To evaluate whether hepcidin in the TM responds to exogenous iron as expected, AH from three bovine eye globes was replaced with equal volume of medium containing 1% FBS supplemented with 30 µM FAC or vehicle, and the globes were agitated gently for 2 hours at 37°C. Subsequently, TM was harvested and analyzed. Semiquantitative RT-PCR revealed significant upregulation of hepcidin in samples exposed to FAC relative to controls (Fig. 1B, lanes 1,2; Fig. 1C).

To confirm the above results, primary human TM cells were cultured in the presence of 30 µM of FAC or vehicle for 24 hours, and analyzed as above. Exposure to FAC resulted in significant upregulation of hepcidin relative to controls (Fig. 1D, lanes 1,2; Fig. 1E), supporting the results in bovine TM tissue.

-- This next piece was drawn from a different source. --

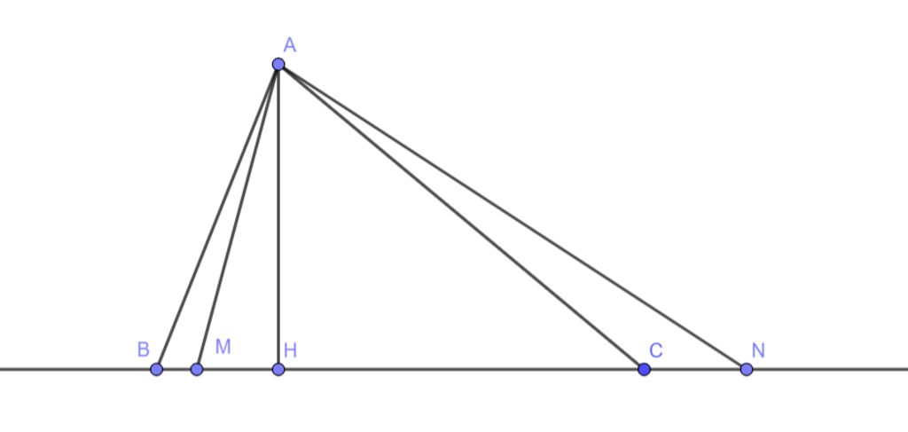 Có $MH,BH,NH$ lần lượt là hình chiếu của $AM, AB, AN$ trên $BC$

Together, the above results demonstrate local synthesis of hepcidin in human and bovine TM, and transcriptional upregulation by excess iron in the local microenvironment. Subsequent experiments were aimed at evaluating the cross-talk between TGF-β2 and hepcidin, and downstream pathways of hepcidin-mediated regulation of iron in the TM.

TGF-β2 Upregulates Hepcidin and Downstream Proteins in the Trabecular Meshwork

To evaluate whether TGF-β2 upregulates hepcidin, two experimental models were tested; primary human TM cells exposed to recombinant bioactive TGF-β2 peptide at a concentration of 4 to 8 ng/mL diluted in reconstitution buffer-4 (Figs. 2A−D), and ex vivo bovine anterior eye cup model overexpressing human bioactive TGF-β2 (Figs. 2E−H). The dose of TGF-β2, although higher than pathological levels observed in POAG, is within the range that upregulates fibrillogenic proteins in vitro in primary human TM cells⁵^,²⁵^,³⁹^,⁴⁰ (Supplementary Fig. S3).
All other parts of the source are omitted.